■ What the task asks
Omit all pictures, then repeat the listing exactly.

■ Collected material
⁂
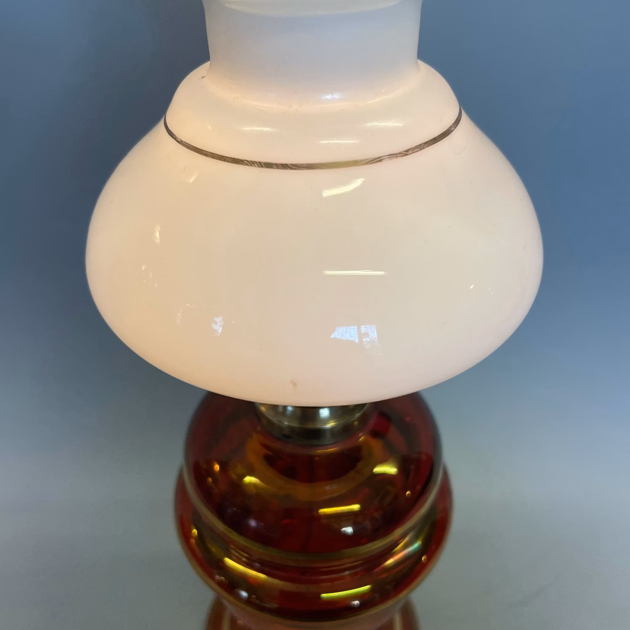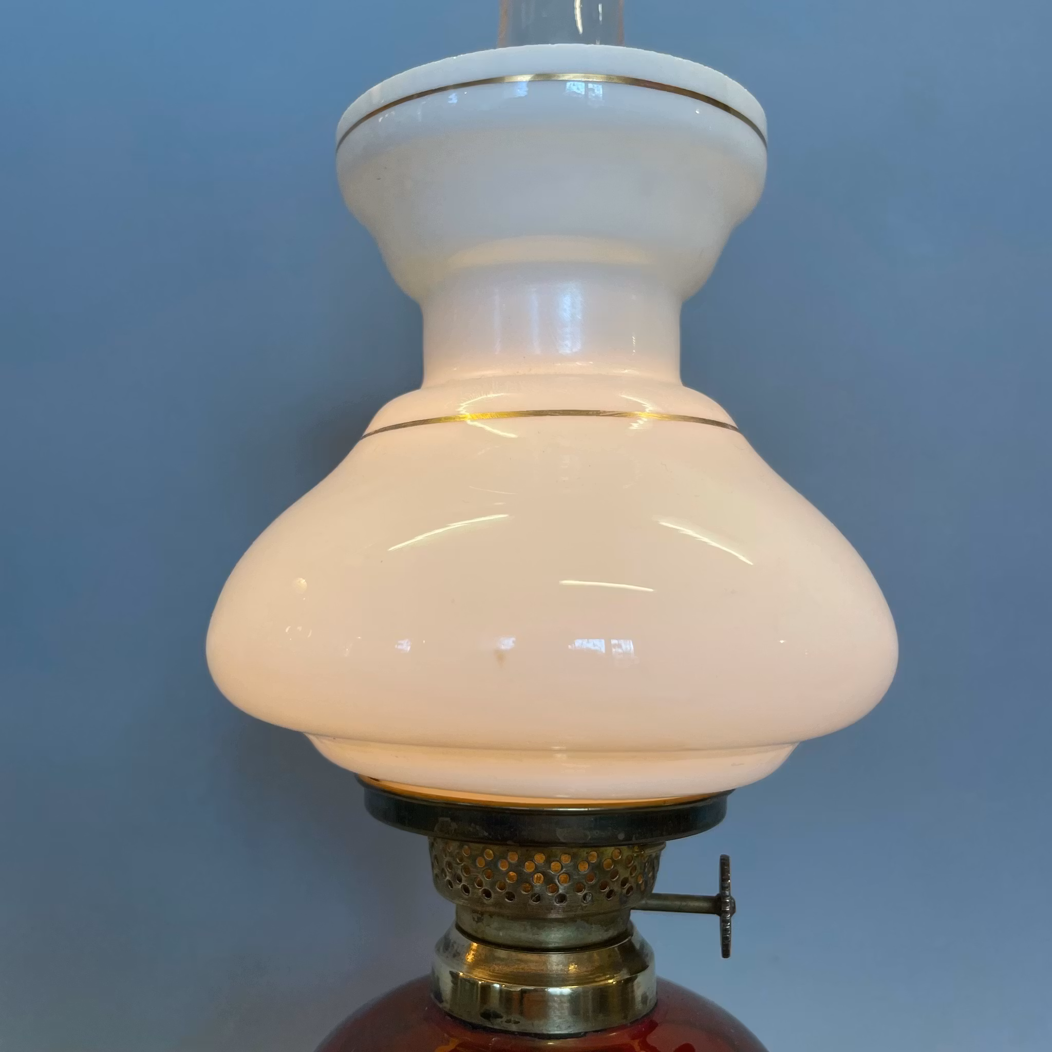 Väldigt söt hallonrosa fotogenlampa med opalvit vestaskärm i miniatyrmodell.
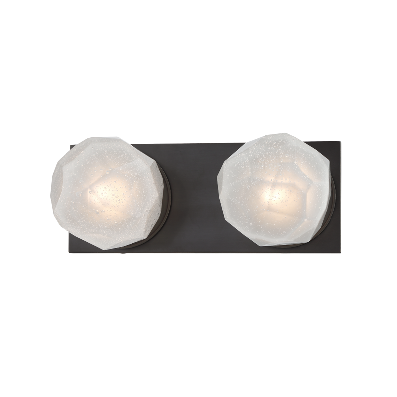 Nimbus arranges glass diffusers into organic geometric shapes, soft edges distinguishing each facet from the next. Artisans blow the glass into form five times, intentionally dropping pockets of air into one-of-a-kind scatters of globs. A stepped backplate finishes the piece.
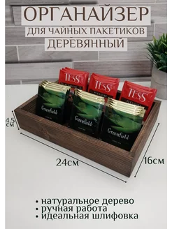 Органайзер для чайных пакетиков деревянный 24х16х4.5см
⁂
■ Written response
 Väldigt söt hallonrosa fotogenlampa med opalvit vestaskärm i miniatyrmodell.
 Nimbus arranges glass diffusers into organic geometric shapes, soft edges distinguishing each facet from the next. Artisans blow the glass into form five times, intentionally dropping pockets of air into one-of-a-kind scatters of globs. A stepped backplate finishes the piece.
 Органайзер для чайных пакетиков деревянный 24х16х4.5см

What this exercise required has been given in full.